<<<<
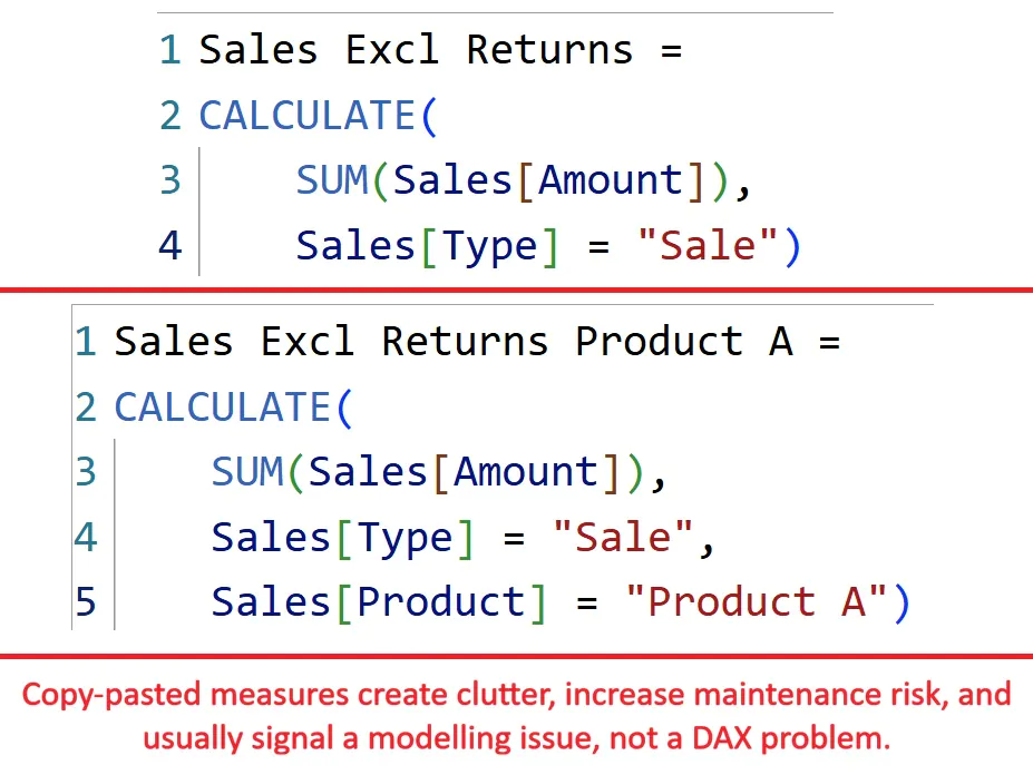 - Tiny variations of the same calculation: Total Sales, Total Sales (Excl Tax), Total Sales (Excl Returns). Multiple similar measures usually mean the model structure needs improvement.
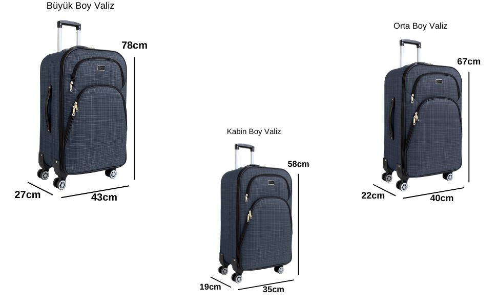 Kabin Boy Valiz: Boy x En x Derinlik: 58 x 35 x 19cm Ağırlığı: 2,9 kg
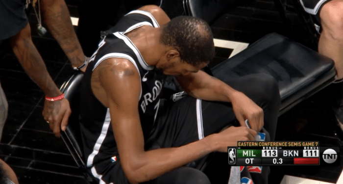 来源:24直播网06-20 15:1324直播网讯 北京时间6月20日,篮网主场加时惜败雄鹿,杜兰特全场打满53分钟轰下48分9篮板6助攻仍遗憾出局,加时赛0分以及关键三分三不沾,死神筋疲力竭真累了;哈登带伤出战同样尽力了,赛后哈登透露自己的真实伤情,并不是腿筋紧张,而是腿筋二级拉伤。
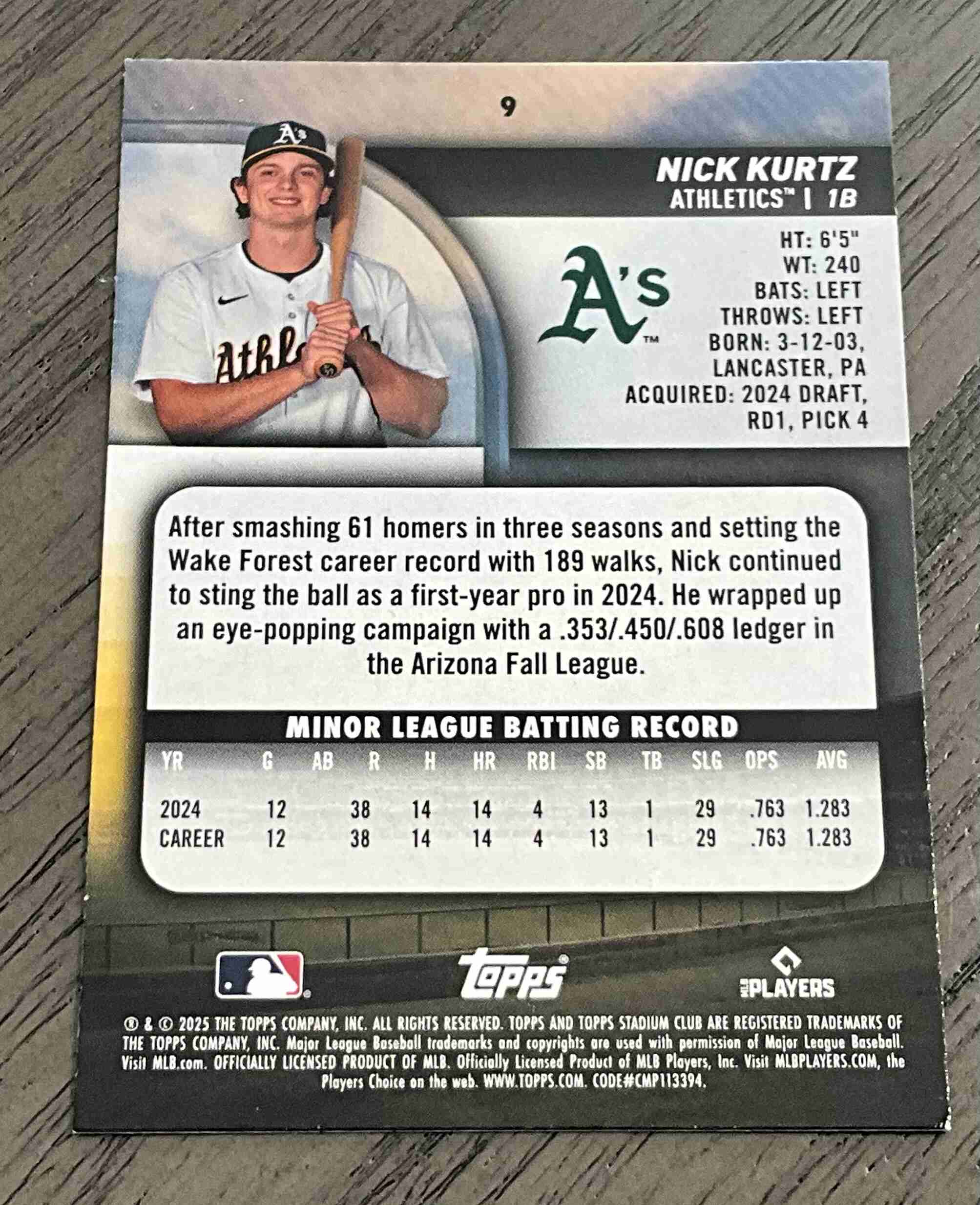 Nick Kurtz Rookie 2025 Topps Stadium Club Athletics
>>>>
## The task
Reprint the data verbatim, pictures excluded.

## Answer to this problem
 - Tiny variations of the same calculation: Total Sales, Total Sales (Excl Tax), Total Sales (Excl Returns). Multiple similar measures usually mean the model structure needs improvement.
 Kabin Boy Valiz: Boy x En x Derinlik: 58 x 35 x 19cm Ağırlığı: 2,9 kg
 来源:24直播网06-20 15:1324直播网讯 北京时间6月20日,篮网主场加时惜败雄鹿,杜兰特全场打满53分钟轰下48分9篮板6助攻仍遗憾出局,加时赛0分以及关键三分三不沾,死神筋疲力竭真累了;哈登带伤出战同样尽力了,赛后哈登透露自己的真实伤情,并不是腿筋紧张,而是腿筋二级拉伤。
 Nick Kurtz Rookie 2025 Topps Stadium Club Athletics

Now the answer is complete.